プレゼンテーションでは聴衆を楽しませないといけない。それには、ちょっとしたジョークを交えることが有効である。これはプレゼンに関してよく耳にするアドバイスだ。だが筆者らが行った実験によると、男性が発表者の場合はユーモアが効果的に働く一方で、女性がプレゼンで冗談を交えると、地位も能力も低く、リーダーの資質に乏しいという評価を受けることが判明した。


 誰だって、仕事で効果的にアイデアを発表し、人を説得する方法を知りたいと思うものだ。プレゼンテーションで聴衆の心をつかむアドバイスとしてよく聞くのが、「ユーモアを交えよう」というものである。

 ベストセラー『TED 驚異のプレゼン』の著者でコミュニケーションのコーチであるカーマイン・ガロは、こう述べている。「ユーモアは警戒心を和らげ、メッセージを聴衆に受け入れやすくする。また、あなたの好感度も高める。人は好感を持った相手とビジネスをしたり、支援をしたりしたいと思うものだ」。にも多くの作家が同じようなアドバイスをしている。

 これは一見、妥当なアドバイスに思える。

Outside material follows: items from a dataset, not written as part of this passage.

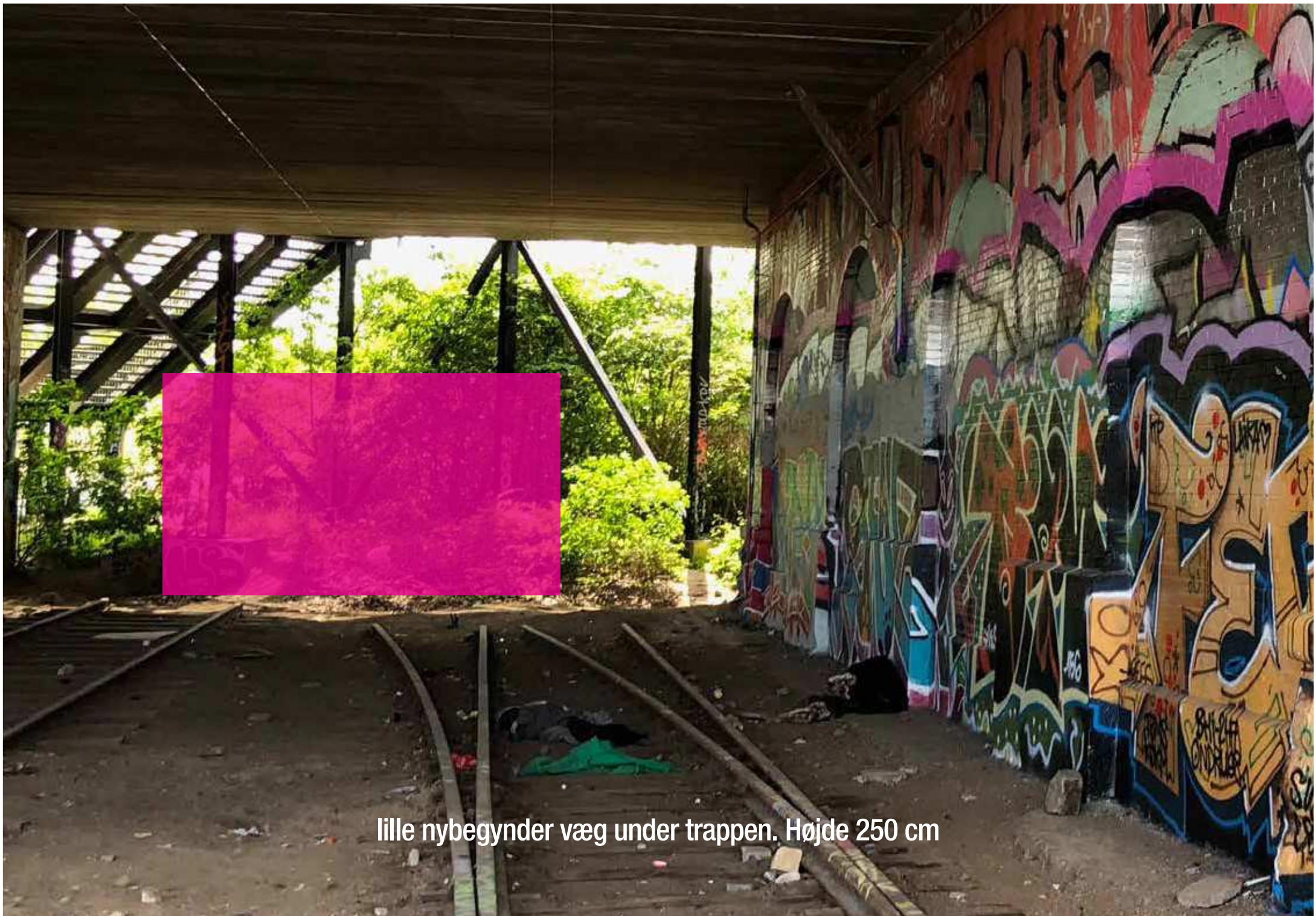
lille nybegynder væg under trappen. Højde 250 cm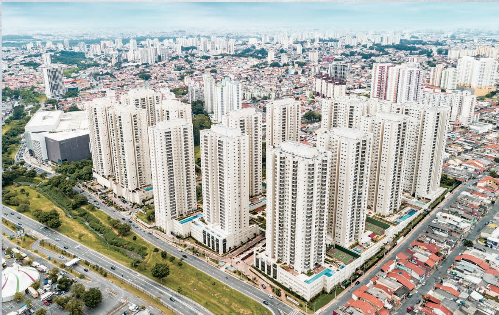
FOTO AÉREA DA REGIÃO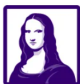
Wyszukiwanie obiektów na obrazach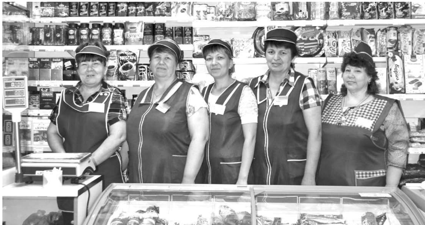
Коллектив магазина «Продукты» в с. Кунарском очень дружный и сплоченный, их объединяют любовь к профессии, ответственность и доброжелательное отношение к покупателям.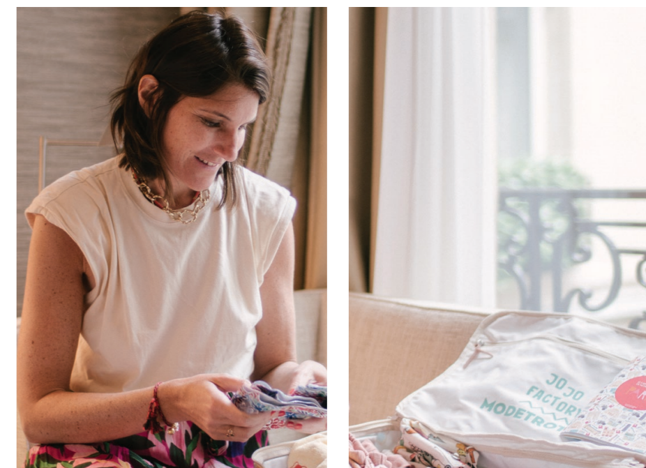
14 AMANDINE - organisation des valises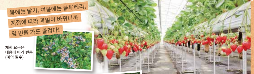
봄에는 딸기, 여름에는 블루베리, 계절에 따라 과일이 바뀌니까 몇 번을 가도 즐겁다!

자연이 풍요로운 남부 지역은 오사카 굴지의 과일의 산지. 계절의 과일 수확 체험과 예술적인 명소를 돌아보며 신나게 즐기자!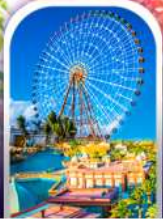
เมืองแฟนตาซี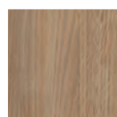
Naturel cérusé blanc NCB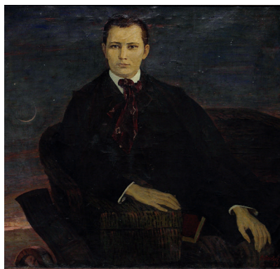
Р.Вахитов. Г.Тукай портреты 1986 ел. Киндер, майлы буяу. Р.Вахитов. Портрет Г.Тукая. 1986 г. Холст, масло

ユーモアを活用するリーダーが従業員の業績仕事への満足度を高めることを示す研究はたくさんある。何かおもしろいことを聞いたり、おもしろいと感じたりすることで、ストレスが低下し、社会的関係が円滑になり、前向きな雰囲気が生まれ、モチベーションが上がる。全般的にユーモアは、それを発信した人にも聞いた人にも良い結果をもたらすと考えられている。

 ところが私たちの研究は、ユーモアの恩恵が誰にでも及ぶわけではないことを示唆している。それどころか、女性が仕事でユーモアを用いるとダメージになることがある。

 男性がビジネスのプレゼンテーションにユーモアを交えると、そうでない場合とを比べて、聴衆は彼の組織内での地位を高いと思い(すなわち尊敬あるいは威信を感じる)、能力やリーダーシップの素質を高く評価する。しかし、女性が同じユーモアを同じプレゼンテーションに取り入れると、聴衆は彼女の地位を低いと見なし、能力を低く評価し、リーダーとしての素質も乏しいと考えるのだ。